Top of Provided data
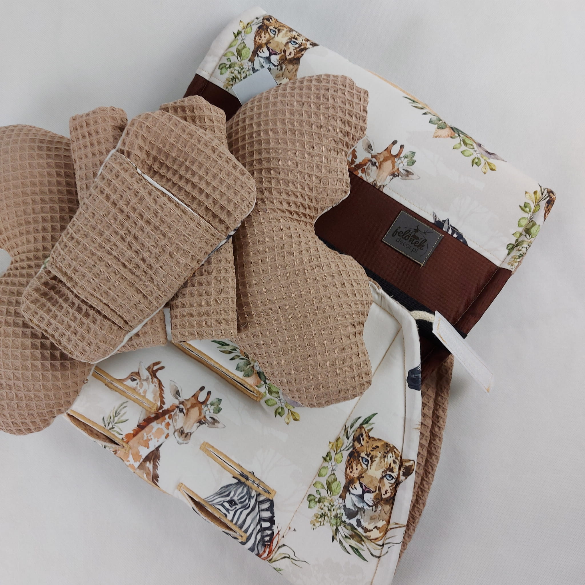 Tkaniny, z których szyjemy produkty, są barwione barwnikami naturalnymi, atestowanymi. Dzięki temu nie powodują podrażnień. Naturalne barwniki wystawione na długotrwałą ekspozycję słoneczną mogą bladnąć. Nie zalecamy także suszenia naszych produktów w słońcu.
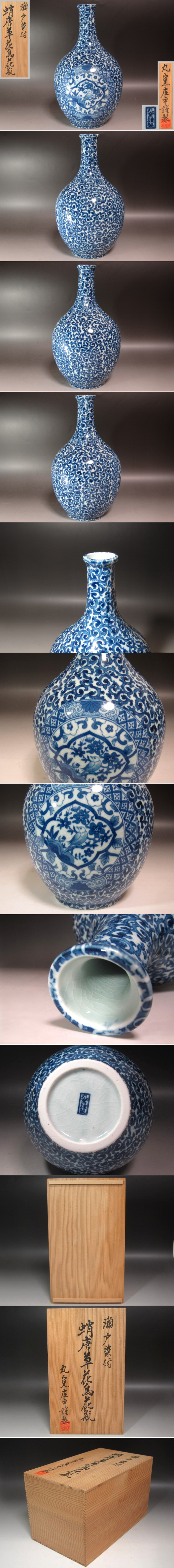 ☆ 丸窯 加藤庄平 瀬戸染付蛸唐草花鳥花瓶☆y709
Bottom of Provided data
Top of Provided data
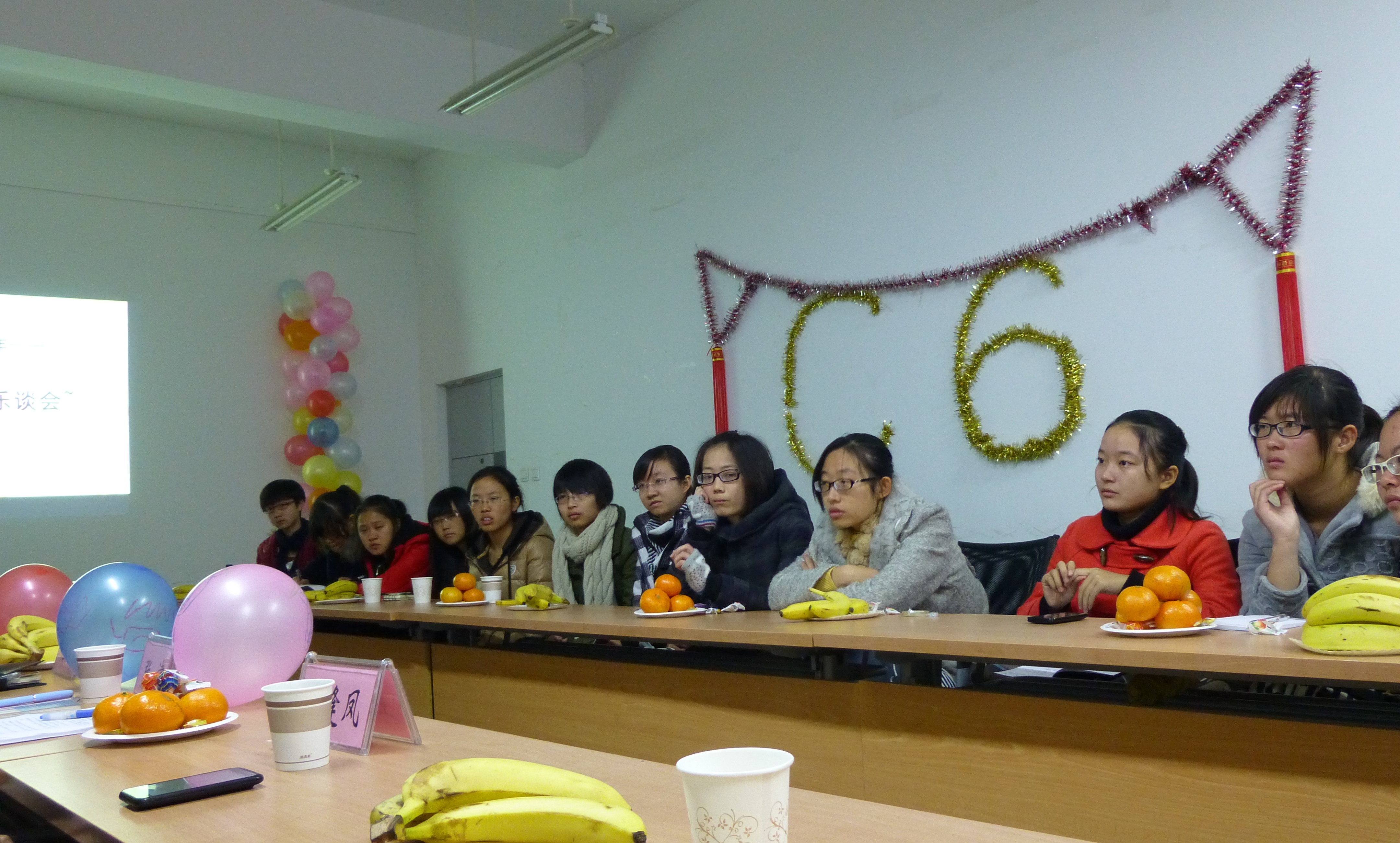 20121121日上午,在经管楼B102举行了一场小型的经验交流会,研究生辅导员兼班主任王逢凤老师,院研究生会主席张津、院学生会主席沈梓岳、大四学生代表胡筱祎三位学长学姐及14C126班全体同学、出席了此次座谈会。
Bottom of Provided data
Exercise instructions: For this task, return exactly the stretch of the listing above from the line with "Tkaniny, z których" through the line with "丸窯 加藤庄平 瀬戸染付蛸唐草花鳥花瓶☆y709", inclusive and without pictures.

Answer box:
 Tkaniny, z których szyjemy produkty, są barwione barwnikami naturalnymi, atestowanymi. Dzięki temu nie powodują podrażnień. Naturalne barwniki wystawione na długotrwałą ekspozycję słoneczną mogą bladnąć. Nie zalecamy także suszenia naszych produktów w słońcu.
 ☆ 丸窯 加藤庄平 瀬戸染付蛸唐草花鳥花瓶☆y709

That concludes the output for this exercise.